100.0% of residents lived in urban areas, while 0.0% lived in rural areas.

There were 9,392 households in Orchards, of which 39.8% had children under the age of 18 living in them. Of all households, 54.4% were married-couple households, 15.8% were households with a male householder and no spouse or partner present, and 21.2% were households with a female householder and no spouse or partner present. About 17.7% of all households were made up of individuals and 6.0% had someone living alone who was 65 years of age or older.

There were 9,722 housing units, of which 3.4% were vacant. The homeowner vacancy rate was 0.9% and the rental vacancy rate was 5.2%.
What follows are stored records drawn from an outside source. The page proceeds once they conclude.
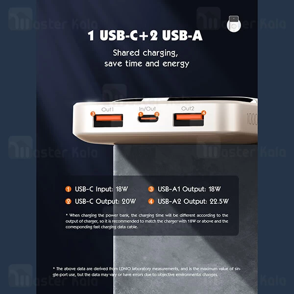 ظرفیت اسمی این پاوربانک، معادل 10000mAh است؛ ولی باید توجه داشته باشید که متناسب با ولتاژ گوشی شما این ظرفیت تغییر خواهد کرد.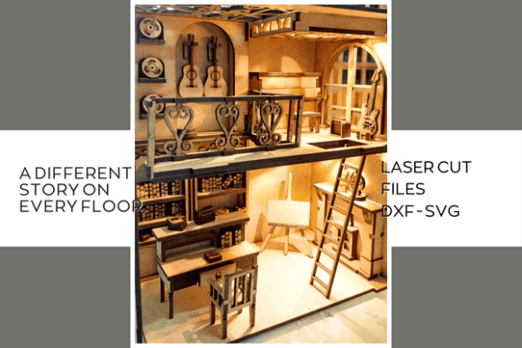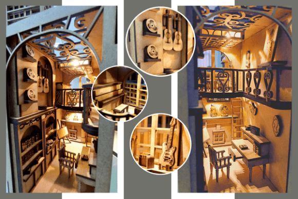 Convierte tu librero en una ventana mágica con esta Escena de Rincón de Lectura Book Nook en formato SVG, diseñada especialmente para corte láser. Cada detalle –desde las estanterías y escritorios hasta los instrumentos y barandales decorativos– crea una atmósfera única donde la imaginación cobra vida.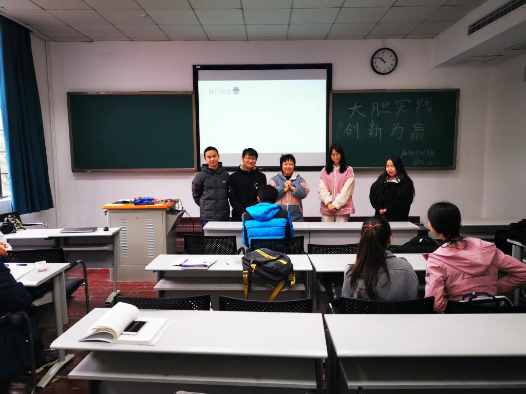 应用化学1701班按照学院要求,于12月30日上午10点在中楼209进行了主题为“大胆实践,创新为赢”的团日活动,并于当日下午在化工院C120进行了趣味实验。本次活动,由团支书肖善维同学组织,应化1701全体同学参加,班主任汪凤林老师进行科研讲解。活动中大家发言积极,气氛热烈。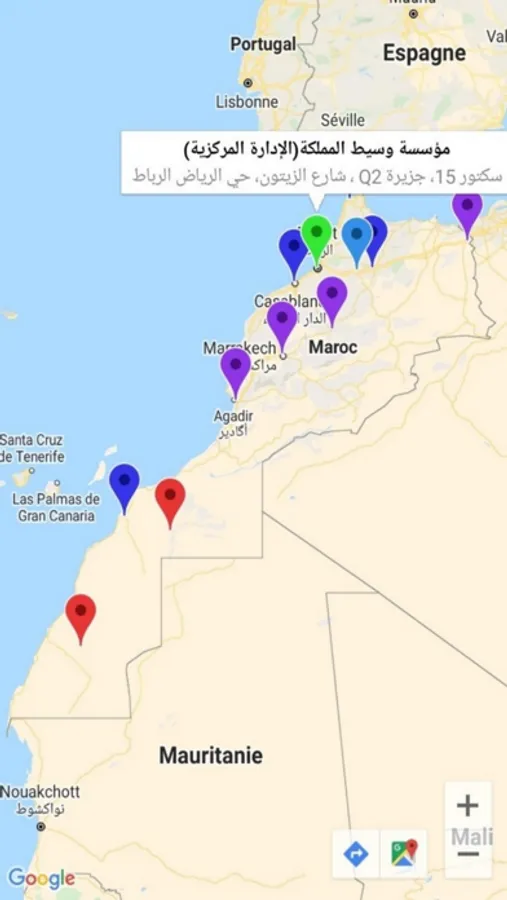 خدمة عناوين المؤسسة : حيث تمكن هذه الخدمة من معرفة أقرب تمثيلية للمؤسسة مكانيا بالنظر لمكان تواجد المتظلم، كما يوفر التطبيق معلومات الاتصال بمختلف هذه التمثيليات، وإحداثيات الموقع الجغرافي الخاصة .بها عبر نظام الخرائط الذكية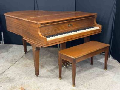 5′ 8″ in Satin Walnut. This piano is available as is, or with a Restoration Package. Contact me for more specific details of condition, and for purchasing information. |

Racial composition as of the 2020 census
| Race | Number | Percent |
|---|---|---|
| White | 19,950 | 71.9% |
| Black or African American | 715 | 2.6% |
| American Indian and Alaska Native | 321 | 1.2% |
| Asian | 1,720 | 6.2% |
| Native Hawaiian and Other Pacific Islander | 305 | 1.1% |
| Some other race | 1,719 | 6.2% |
| Two or more races | 2,999 | 10.8% |

===2000 census===

As of the census of 2000, there were 17,852 people, 5,918 households, and 4,704 families residing in the CDP. The population density was 2,601.4 people per square mile (1,004.8/km^{2}). There were 6,175 housing units at an average density of 899.8/sq mi (347.5/km^{2}). The racial makeup of the CDP was 87.39% White, 1.75% African American, 0.88% Native American, 4.11% Asian, 0.59% Pacific Islander, 1.84% from other races, and 3.44% from two or more races. Hispanic or Latino of any race were 4.53% of the population. 19.9% were of German, 9.3% Irish, 8.8% American and 6.6% English ancestry according to Census 2000.

There were 5,918 households, out of which 49.6% had children under the age of 18 living with them, 62.4% were married couples living together, 11.1% had a female householder with no husband present, and 20.5% were non-families. 14.3% of all households were made up of individuals, and 2.6% had someone living alone who was 65 years of age or older. The average household size was 3.02 and the average family size was 3.34.

In the CDP, the age distribution of the population shows 34.2% under the age of 18, 8.3% from 18 to 24, 36.9% from 25 to 44, 16.5% from 45 to 64, and 4.1% who were 65 years of age or older. The median age was 29 years. For every 100 females, there were 99.8 males. For every 100 females age 18 and over, there were 99.2 males.

The median income for a household in the CDP was $49,216, and the median income for a family was $50,330. Males had a median income of $37,716 versus $26,576 for females. The per capita income for the CDP was $17,866. About 4.6% of families and 6.7% of the population were below the poverty line, including 9.1% of those under the age of 18 and 6.9% of those age 65 or over.

==Education==
Most of the community is served by the Evergreen School District. Parts are in the Battle Ground School District and in the Hockinson School District.